- [About this task] Reproduce the listing word for word. Skip any image.

- [Data shown]
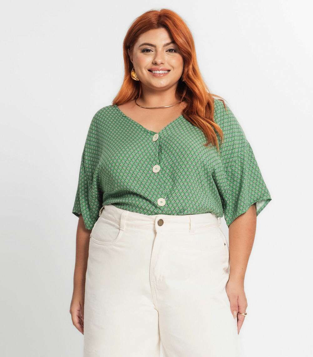 Camisa Feminina Plus Size Estampada Secret Glam Verde
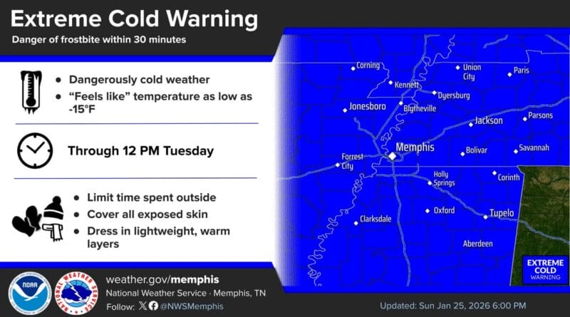The National Weather Service in Memphis has issued an extreme cold warning that remains in effect until noon Tuesday, urging residents to prepare for dangerously low temperatures.
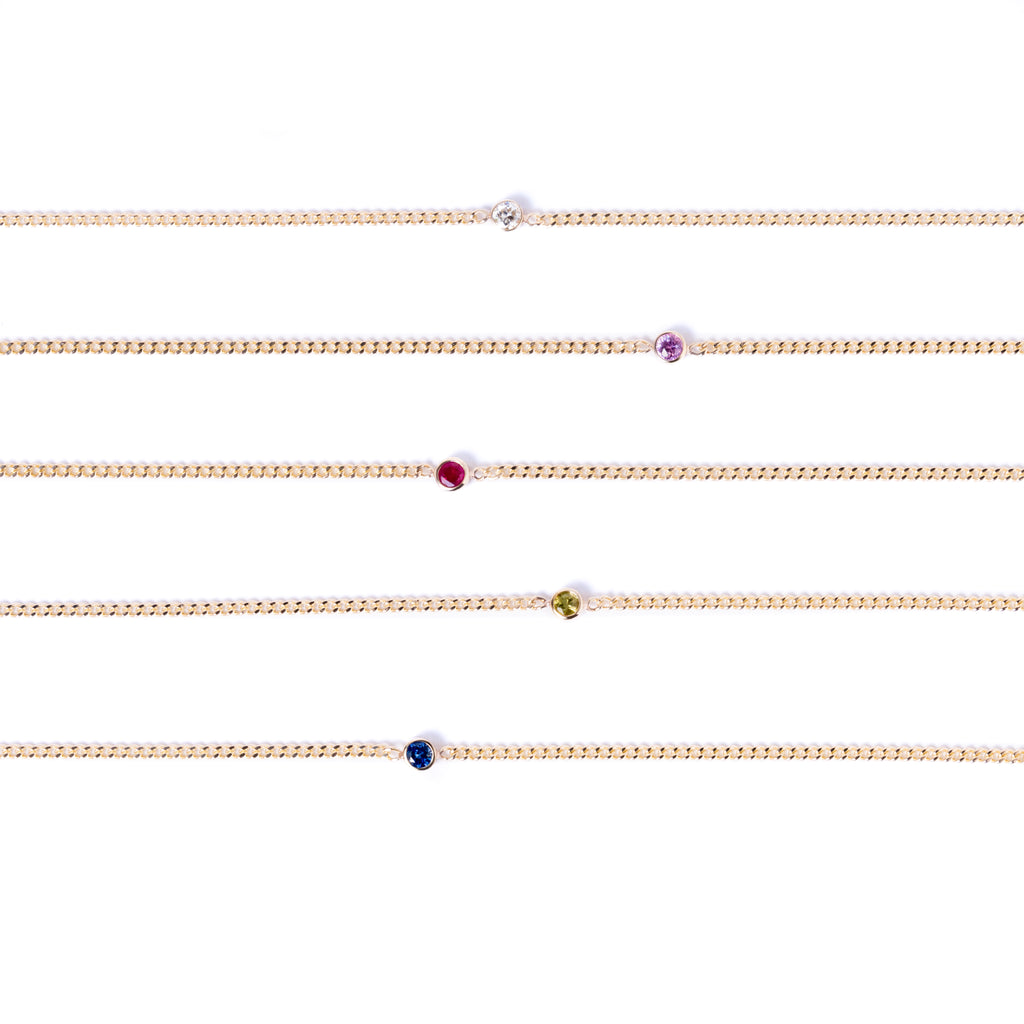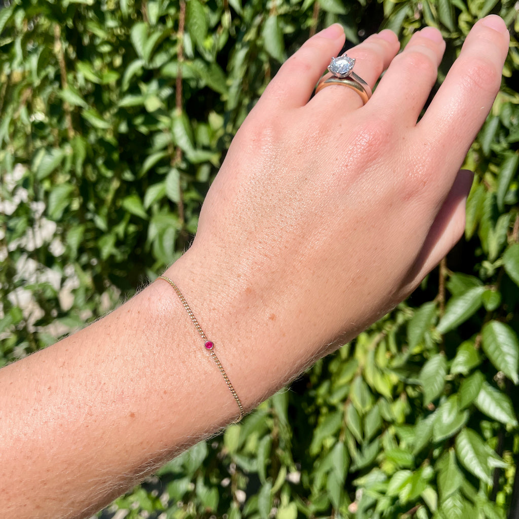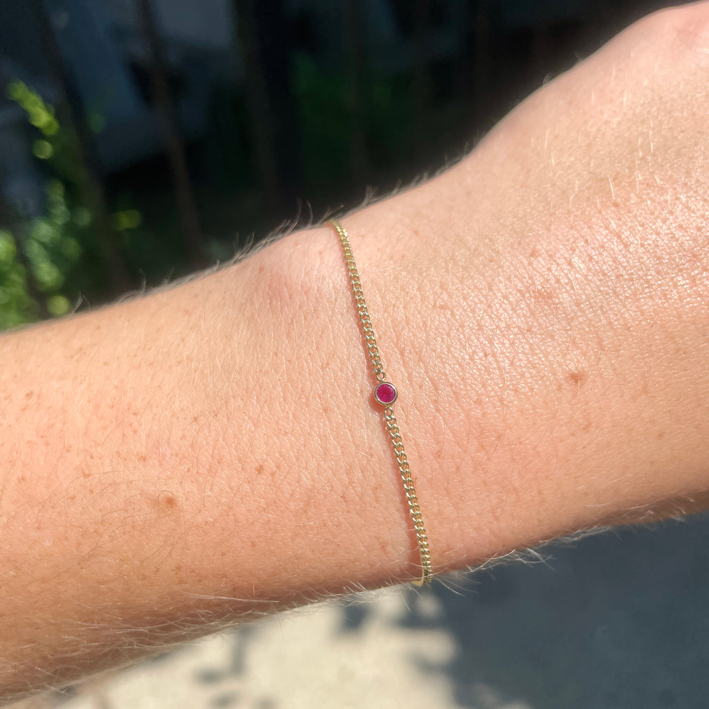 The Sheffield Bracelet is a beautiful & modern design. It has a shining diamond cut curb chain with an elegant ruby in a bezel setting. We know you will put this bracelet on & rarely take it off.

- [Answer to this exercise]
 Camisa Feminina Plus Size Estampada Secret Glam Verde
The National Weather Service in Memphis has issued an extreme cold warning that remains in effect until noon Tuesday, urging residents to prepare for dangerously low temperatures.
 The Sheffield Bracelet is a beautiful & modern design. It has a shining diamond cut curb chain with an elegant ruby in a bezel setting. We know you will put this bracelet on & rarely take it off.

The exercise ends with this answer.